— Что договаривать? Все ясно.
— Лены-то нет, а что о ней живые, те, кто остается, думают, вы об этом размыслили? — грубовато спросил Дорощук.
— А их, живых-то твоих, тоже безносая метит.
— Что ж, товарищ капитан, не всех, не всех метит. О каждом человеке след останется. И о Лене тоже. Я погибну — вы расскажете обо мне после войны или просто вспомните. Никто о той Лене плохого не скажет. Жила честно и умерла того честней…
— Да нет, я не о том! Ей-то что до того, как о ней подумают, она ничего этого не узнает.
— А в нашей памяти она — всегда живая. Придет время — и в радости и в трудный час о ней вспомним. Скажем: «Она человек была, человек!» И станет нам легче, и станем мы лучше, и себя мы почувствуем честнее, и детям закажем быть похожими на нее и на таких, как она…
— Это ты уже о мирном времени говоришь? Рано, дружище! Себя, видишь, похоронил, а меня жить и совершенствоваться оставил.
— Як примеру сказал.
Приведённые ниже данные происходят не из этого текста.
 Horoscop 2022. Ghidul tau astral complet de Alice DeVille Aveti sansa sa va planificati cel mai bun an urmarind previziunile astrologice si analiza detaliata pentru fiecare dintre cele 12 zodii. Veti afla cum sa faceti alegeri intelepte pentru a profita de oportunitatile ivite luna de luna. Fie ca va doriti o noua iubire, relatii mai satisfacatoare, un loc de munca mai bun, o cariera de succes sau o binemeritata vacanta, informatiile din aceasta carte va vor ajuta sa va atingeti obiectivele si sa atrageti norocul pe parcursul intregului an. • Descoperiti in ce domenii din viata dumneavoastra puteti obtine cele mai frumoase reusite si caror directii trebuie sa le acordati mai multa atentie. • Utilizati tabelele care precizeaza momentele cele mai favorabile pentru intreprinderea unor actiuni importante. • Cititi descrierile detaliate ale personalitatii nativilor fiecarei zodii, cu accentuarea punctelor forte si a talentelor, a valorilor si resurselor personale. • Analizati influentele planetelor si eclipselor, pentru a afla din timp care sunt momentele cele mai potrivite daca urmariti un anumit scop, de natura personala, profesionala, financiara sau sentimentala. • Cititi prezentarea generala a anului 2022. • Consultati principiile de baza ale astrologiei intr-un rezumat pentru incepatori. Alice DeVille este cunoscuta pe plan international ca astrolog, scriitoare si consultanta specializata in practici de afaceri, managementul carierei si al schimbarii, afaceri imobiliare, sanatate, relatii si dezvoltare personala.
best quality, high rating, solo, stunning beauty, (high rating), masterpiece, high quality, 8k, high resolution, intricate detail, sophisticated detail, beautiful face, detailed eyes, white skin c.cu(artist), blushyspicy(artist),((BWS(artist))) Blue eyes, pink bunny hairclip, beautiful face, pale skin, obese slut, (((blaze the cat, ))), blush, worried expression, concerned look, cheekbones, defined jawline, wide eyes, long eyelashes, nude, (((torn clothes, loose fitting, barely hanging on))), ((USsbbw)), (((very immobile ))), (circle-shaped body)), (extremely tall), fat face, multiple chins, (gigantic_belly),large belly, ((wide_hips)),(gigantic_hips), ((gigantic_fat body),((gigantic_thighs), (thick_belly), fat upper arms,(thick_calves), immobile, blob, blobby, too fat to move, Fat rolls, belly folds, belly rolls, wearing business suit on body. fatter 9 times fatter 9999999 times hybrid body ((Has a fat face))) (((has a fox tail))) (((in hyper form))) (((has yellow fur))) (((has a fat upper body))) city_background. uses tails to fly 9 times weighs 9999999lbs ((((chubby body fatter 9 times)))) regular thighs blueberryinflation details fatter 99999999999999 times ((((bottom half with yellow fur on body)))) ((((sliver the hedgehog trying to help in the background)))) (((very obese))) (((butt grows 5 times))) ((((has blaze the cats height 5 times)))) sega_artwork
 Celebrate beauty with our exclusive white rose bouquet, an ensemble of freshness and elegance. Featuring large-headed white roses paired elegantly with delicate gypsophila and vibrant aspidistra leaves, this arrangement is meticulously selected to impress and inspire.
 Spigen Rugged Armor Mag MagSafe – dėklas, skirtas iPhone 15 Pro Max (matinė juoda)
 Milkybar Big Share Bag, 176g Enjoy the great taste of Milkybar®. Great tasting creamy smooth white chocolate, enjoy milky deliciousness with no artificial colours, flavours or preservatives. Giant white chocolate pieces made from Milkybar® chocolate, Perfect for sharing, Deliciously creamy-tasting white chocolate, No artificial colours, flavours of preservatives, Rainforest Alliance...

Ну, не вы, Николай Николаевич Ермаков, так другой… Ни об одном человеке не забудется. Ни один бой, ни одна жертва, ни одна подлость, ни один подвиг не пропадут..
— Ты веришь, что так будет?
— А разве вы не верите? — простодушно спросил Дорощук, и капитан, сам умеющий верить и мечтать, подивился и порадовался этой чистой и сильной вере. — Если вы когда и сомневаетесь в этом, так это только от молодости… Вот вы удивлялись, когда я в партию вступал, верно?
— Я тебе ничего не говорил.
— Не говорили, а я видел.
— И тоже не сказал.
— Тоже не сказал…
Оба рассмеялись.
— Вы в партию вступали от молодости, а я от зрелости. Нас одно уравняло — война. Я, конечно, не такой геройский человек, как вы…
— Не надо, Иван Данилыч! — с досадой сказал капитан.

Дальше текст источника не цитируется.